You find thousands of videos on the Lund University YouTube channel about research, events and exciting findings. The most popular videos have been around for a couple of years, but still show incredible findings and research about, for example, the mummy of a 17th century bishop, the world’s fastest camera and a walk through a house from Pompeii.

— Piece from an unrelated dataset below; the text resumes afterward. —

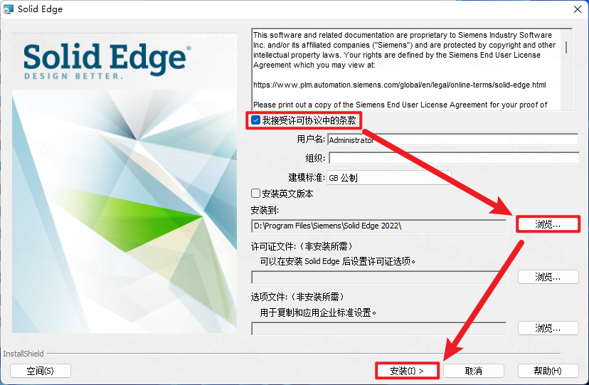 4.勾选【我接受许可协议中的条款】,点击【浏览】修改路径地址中的首字符C可更改软件的安装位置(如:将C改为D表示安装到D盘),点击【安装】
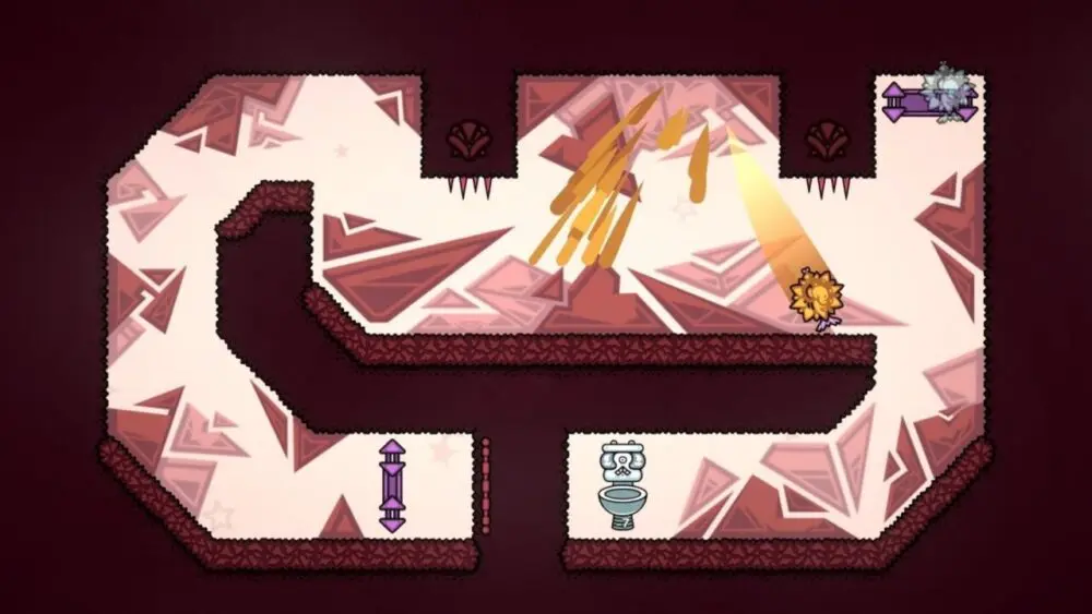Use o pouco de líquido que resta no chão para se movimentar e se retirar para um vaso sanitário que pode salvar sua vida ou jogá-lo em reinos muito mais desafiadores.

1. “Astonishingly” well-preserved 17th century mummy found

Photo of the mummy of bishop Peder Winstrup

One of Europe’s most well-preserved 17th century mummies was discovered in Lund, Sweden. By examining the mummy of bishop Peder Winstrup, researchers at Lund University shed some light on the medical and historical mysteries of everyday life in the 1600s. Click on the photo to watch the video on YouTube.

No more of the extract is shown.